At the upper left of your Blubrry stats page, you’ll see a History section. Here are the various ways you can view this information:

  • Complete: This is the global picture of what has happened to your show over its life.
  • Monthly: a snapshot of all media consumption on all episodes that have been downloaded or played over the month in question. If an episode gets zero downloads in the reporting month, it will not show up in the report.
  • Range View: Just like it sounds, the range view allows you to choose a specific range of dates. “I find range view useful when looking at advertising reporting,” says Blubrry CEO Todd Cochrane. “I can pull the data for specific episodes over a defined period. It’s also handy to look at performance over specific periods of time.”

 

 

 

Reports:

The Reports section is where the data can get really granular, and may seem the most confusing. Here’s a rundown of each report and what it can tell you:

  • Trending is the day to day trend line. You can look at how your show trends in a global view of the entire show or you can look more closely at a specific month or episode. The reporting tool also allows you to get very granular, looking at how a specific episode has performed over its entire lifetime.”I rely on the trending line a lot,” says Cochrane. “I look for yearly, monthly and weekly trends. The trending report tells me over time if I am on the right track – if I see a dip, I know that I need to examine the show and see why. Was it due to a holiday, did I miss an episode, was I off my A game? The trending line for me also allows me to give advertisers an running average for the show month to month. I can pull the report and show them that I have had x number of listeners each month for y number of months. This build trust with the media buyer.”
  • Distribution details how your show is being consumed across categories like web browsers, podcatchers, mobile apps, and so on.  This is a quick look at how your audience is accessing your podcast, and can again be detailed down to the specific episode.
  • Platforms then breaks the distribution down by Windows, Apple, Linux, iOS, Andorid, piecing out the data so you can see how the podcast is being consumed.

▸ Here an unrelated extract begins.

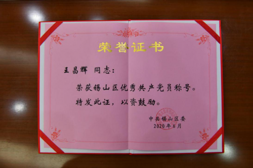 6月28日下午,在庆祝中国共产党成立99周年之际,为激励先进、树立典型,经推荐评选,无锡市锡山区委决定授予王强等50名同志“锡山区优秀共产党员”称号。其中,红豆集团有三人光荣入选,红豆股份董事王昌辉荣获“优秀共产党员”称号。
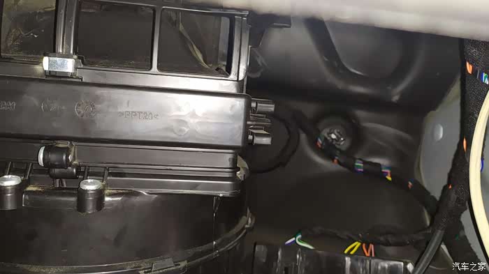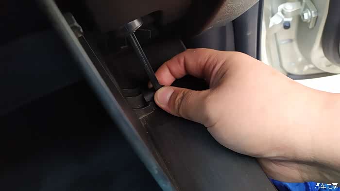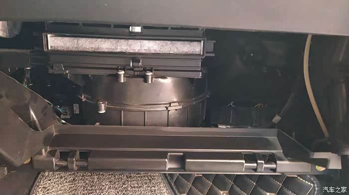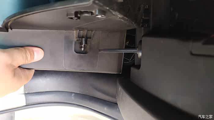 这样就看到空调滤芯的盖板了,两侧各有一个卡子固定,捏着上下的卡子就可以拆卸下来

Each of these pieces allow you to get a close-up snapshot of what’s happening, and may help you identify and engage with small sectors of your audience. “On my own show I give a shoutout to the Blackberry users that are listening,” says Cochrane. “While they are a small minority, this lets them know I know they are out there.”
  • Clients is a deep dive into how your podcast is being consumed. If, for example, you wanted to know how many listeners are using the iPodder desktop application, or PocketCast mobile app, this report will give you that information. With over 160 clients currently being reported on, this is a rich field of data just ready to be mined. “We give the podcaster the ability to see exactly how the show was accessed,” explains Cochrane. “It’s a good way to measure growing numbers of Android subscribers and where to focus messaging in the show and on social to attract segments of listeners that have not yet subscribed.”
  • Geography simply shows you where your audience is listening, and Blubrry’s regional reporting continues to become more specific and robust. Using this data, you can acknowledge larger sections of your audience or plan live events in areas where you know listeners congregate. Or, you can use the information to make listeners in less-represented places feel special. “On my show I have a huge contingent of listeners in Texas,” Cochrane says. “So I will give a shoutout to Texas or the lone listener down in Antartica. It allows me to understand how global my audience really is and keeps me grounded in remembering that some of my listeners may be expats or use English as a second language.”
  • Refers and Domains deliver insights on where traffic to your show is coming from. “I often get linked to by third parties. I can actually see how many listeners those referral links drove to my show,” explains Cochrane.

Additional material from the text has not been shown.